_PROBLEM DESCRIPTION_
What is needed is an exact reproduction of the lines in the records below, starting at the line with "公司一直致力于为高等院校、研" and ending at the line with "Мороженое сливочное крем-брюле", both included, and nothing else; pictures stay out.

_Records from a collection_
────────────────────────────────────────
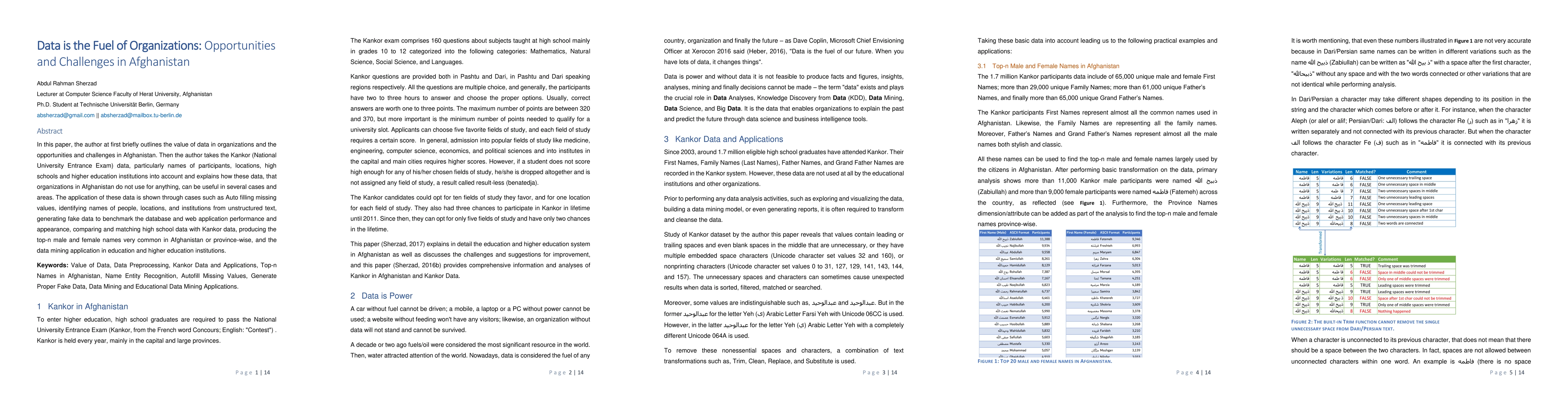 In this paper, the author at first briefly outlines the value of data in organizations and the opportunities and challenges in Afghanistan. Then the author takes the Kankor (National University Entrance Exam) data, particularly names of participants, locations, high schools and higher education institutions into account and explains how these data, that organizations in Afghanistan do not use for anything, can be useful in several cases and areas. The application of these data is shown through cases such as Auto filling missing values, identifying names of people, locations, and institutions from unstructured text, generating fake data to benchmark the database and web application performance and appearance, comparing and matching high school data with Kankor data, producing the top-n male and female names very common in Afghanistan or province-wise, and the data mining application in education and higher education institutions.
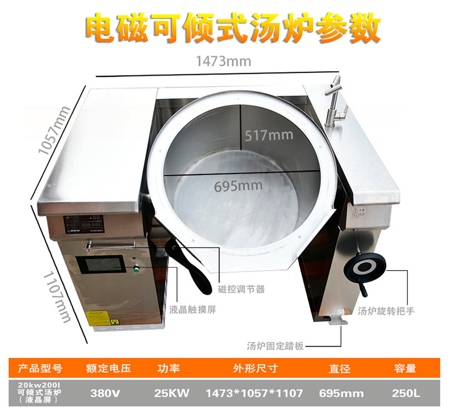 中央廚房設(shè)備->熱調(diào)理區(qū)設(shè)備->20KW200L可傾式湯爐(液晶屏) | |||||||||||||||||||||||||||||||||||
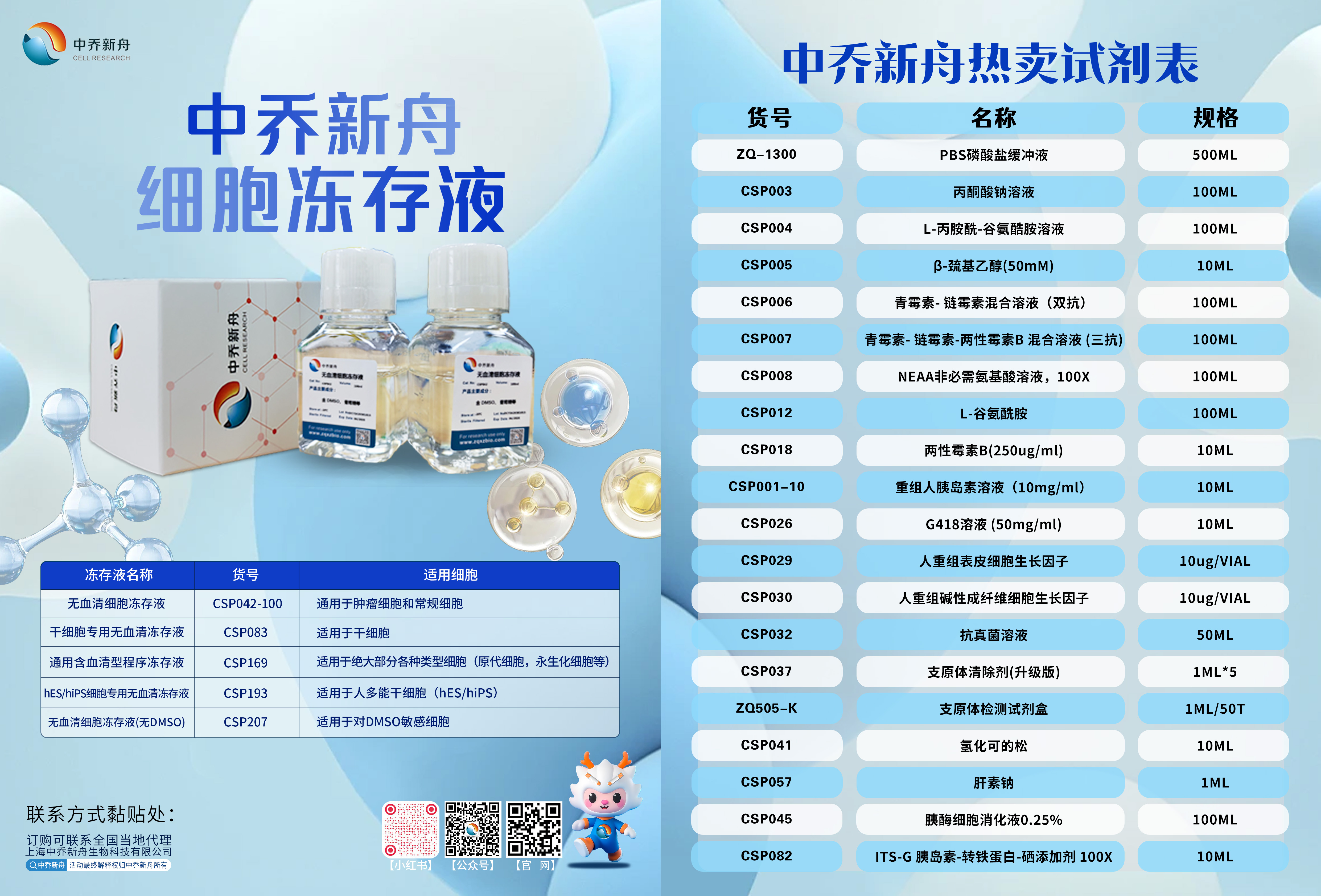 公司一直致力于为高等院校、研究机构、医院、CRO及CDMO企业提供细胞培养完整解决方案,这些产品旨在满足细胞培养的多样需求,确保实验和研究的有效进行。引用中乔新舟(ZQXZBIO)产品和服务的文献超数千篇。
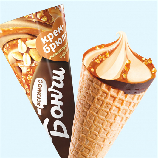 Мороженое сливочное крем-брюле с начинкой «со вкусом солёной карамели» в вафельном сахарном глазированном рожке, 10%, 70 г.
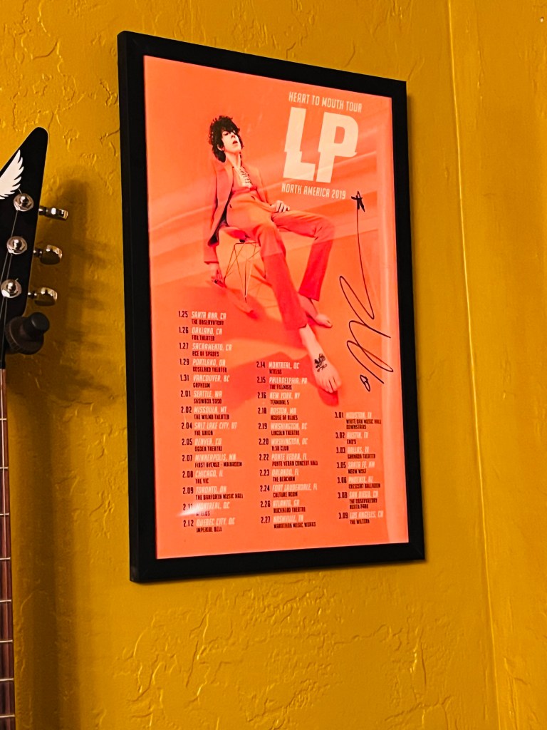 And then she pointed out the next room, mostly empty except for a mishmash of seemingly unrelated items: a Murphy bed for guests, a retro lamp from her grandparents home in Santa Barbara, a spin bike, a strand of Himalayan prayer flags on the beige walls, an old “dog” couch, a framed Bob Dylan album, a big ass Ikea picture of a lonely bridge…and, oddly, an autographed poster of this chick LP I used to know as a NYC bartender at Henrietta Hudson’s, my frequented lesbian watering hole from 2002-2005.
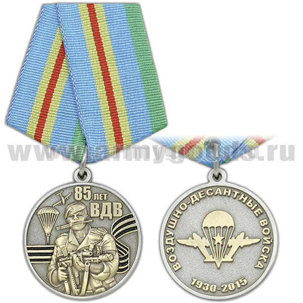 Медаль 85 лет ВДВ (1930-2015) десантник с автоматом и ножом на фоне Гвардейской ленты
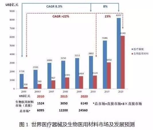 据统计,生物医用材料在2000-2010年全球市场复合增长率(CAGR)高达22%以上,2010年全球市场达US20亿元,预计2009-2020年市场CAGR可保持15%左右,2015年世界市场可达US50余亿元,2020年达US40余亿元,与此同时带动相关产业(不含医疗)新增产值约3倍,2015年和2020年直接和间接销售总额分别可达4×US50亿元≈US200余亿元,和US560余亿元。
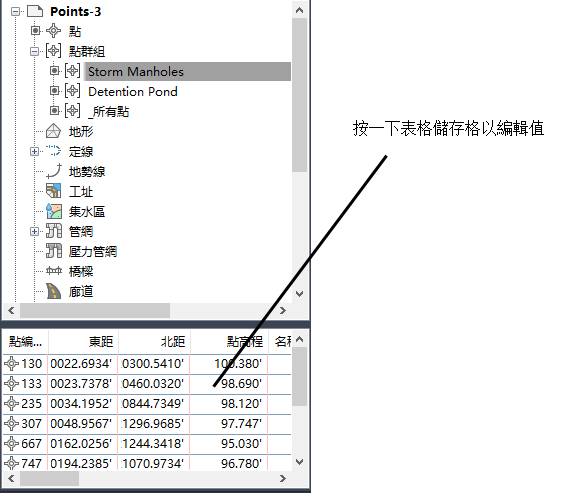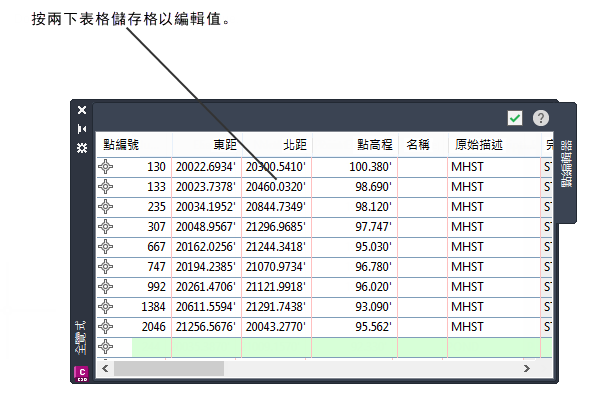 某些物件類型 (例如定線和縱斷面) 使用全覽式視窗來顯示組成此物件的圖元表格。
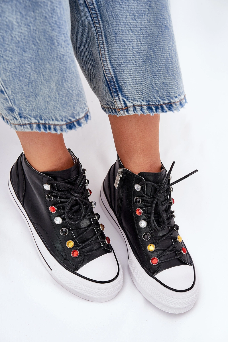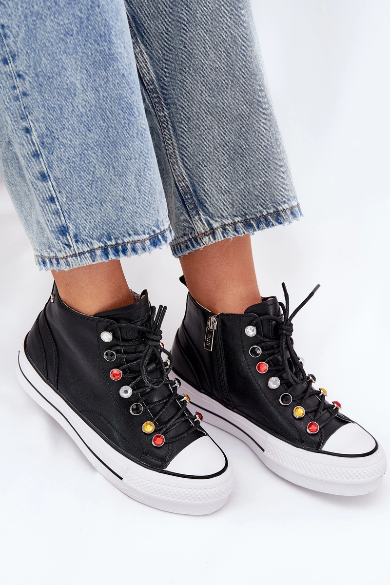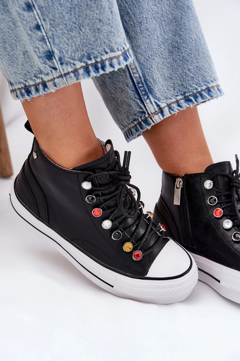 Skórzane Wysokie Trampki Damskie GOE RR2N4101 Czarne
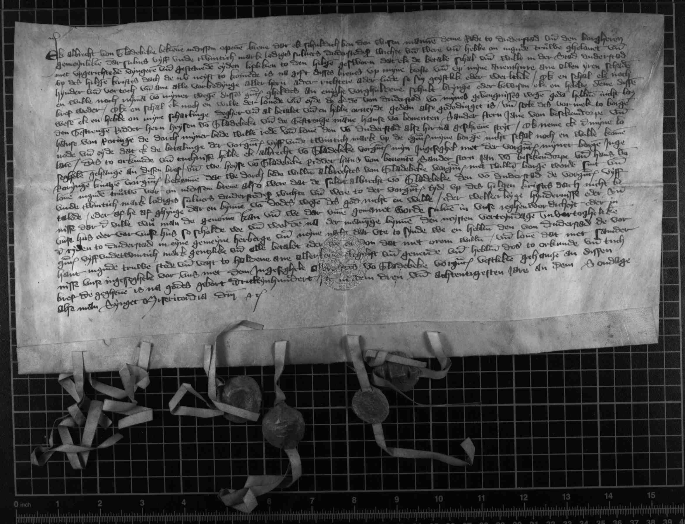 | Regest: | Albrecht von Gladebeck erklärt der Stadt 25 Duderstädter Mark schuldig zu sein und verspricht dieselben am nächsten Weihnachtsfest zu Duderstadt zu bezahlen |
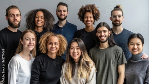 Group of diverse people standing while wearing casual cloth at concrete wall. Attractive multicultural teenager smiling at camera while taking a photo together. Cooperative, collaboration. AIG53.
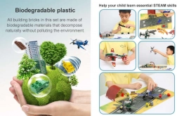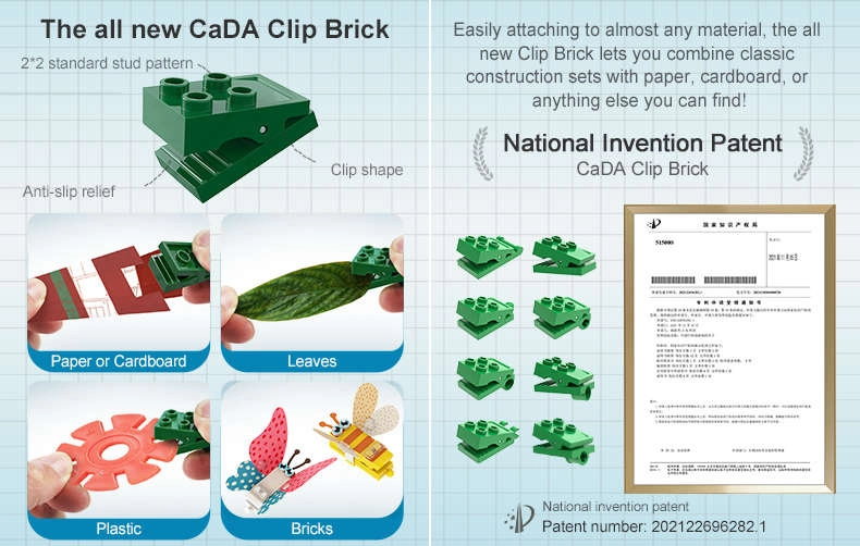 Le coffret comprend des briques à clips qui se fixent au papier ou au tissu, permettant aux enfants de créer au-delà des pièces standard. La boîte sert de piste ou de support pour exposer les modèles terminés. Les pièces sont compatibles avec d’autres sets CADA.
────────────────────────────────────────
_ANSWER SPACE_
 公司一直致力于为高等院校、研究机构、医院、CRO及CDMO企业提供细胞培养完整解决方案,这些产品旨在满足细胞培养的多样需求,确保实验和研究的有效进行。引用中乔新舟(ZQXZBIO)产品和服务的文献超数千篇。
 Мороженое сливочное крем-брюле с начинкой «со вкусом солёной карамели» в вафельном сахарном глазированном рожке, 10%, 70 г.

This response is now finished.